## Work task
Could you output the listing that follows exactly, without its images?

## Data excerpt
··········

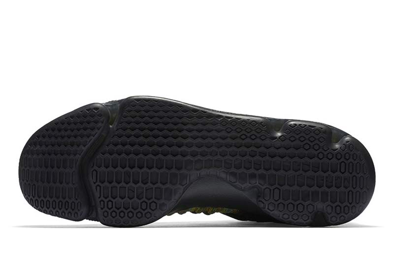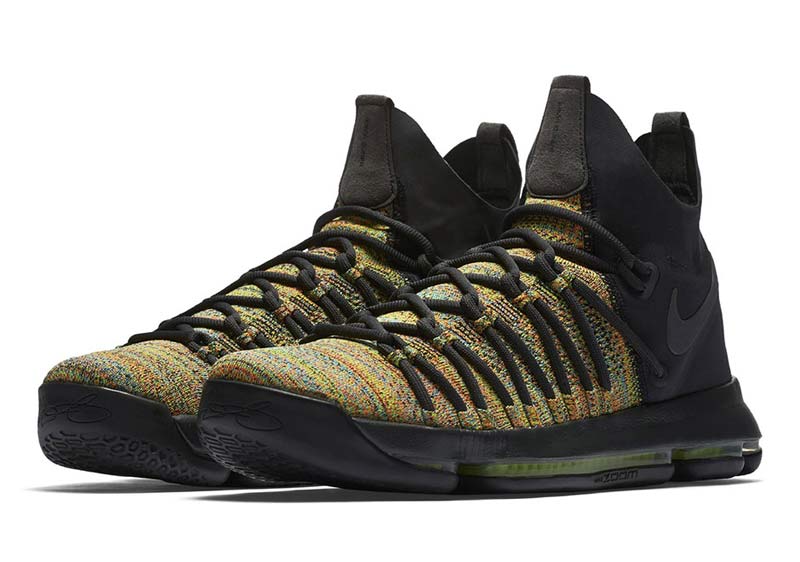 Très souvent présent sur les modèles running de la marque à la virgule, le coloris Flyknit multicolore commence à se faire une large place sur les parquets.
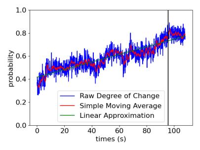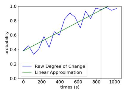 Cooking tasks are characterized by large changes in the state of the food, which is one of the major challenges in robot execution of cooking tasks. In particular, cooking using a stove to apply heat to the foodstuff causes many special state changes that are not seen in other tasks, making it difficult to design a recognizer. In this study, we propose a unified method for recognizing changes in the cooking state of robots by using the vision-language model that can discriminate open-vocabulary objects in a time-series manner. We collected data on four typical state changes in cooking using a real robot and confirmed the effectiveness of the proposed method. We also compared the conditions and discussed the types of natural language prompts and the image regions that are suitable for recognizing the state changes.
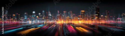 Digital transformation strategies for modernizing business concept. Vibrant city skyline at night with colorful light trails.

··········

## Response to the task
 Très souvent présent sur les modèles running de la marque à la virgule, le coloris Flyknit multicolore commence à se faire une large place sur les parquets.
 Cooking tasks are characterized by large changes in the state of the food, which is one of the major challenges in robot execution of cooking tasks. In particular, cooking using a stove to apply heat to the foodstuff causes many special state changes that are not seen in other tasks, making it difficult to design a recognizer. In this study, we propose a unified method for recognizing changes in the cooking state of robots by using the vision-language model that can discriminate open-vocabulary objects in a time-series manner. We collected data on four typical state changes in cooking using a real robot and confirmed the effectiveness of the proposed method. We also compared the conditions and discussed the types of natural language prompts and the image regions that are suitable for recognizing the state changes.
 Digital transformation strategies for modernizing business concept. Vibrant city skyline at night with colorful light trails.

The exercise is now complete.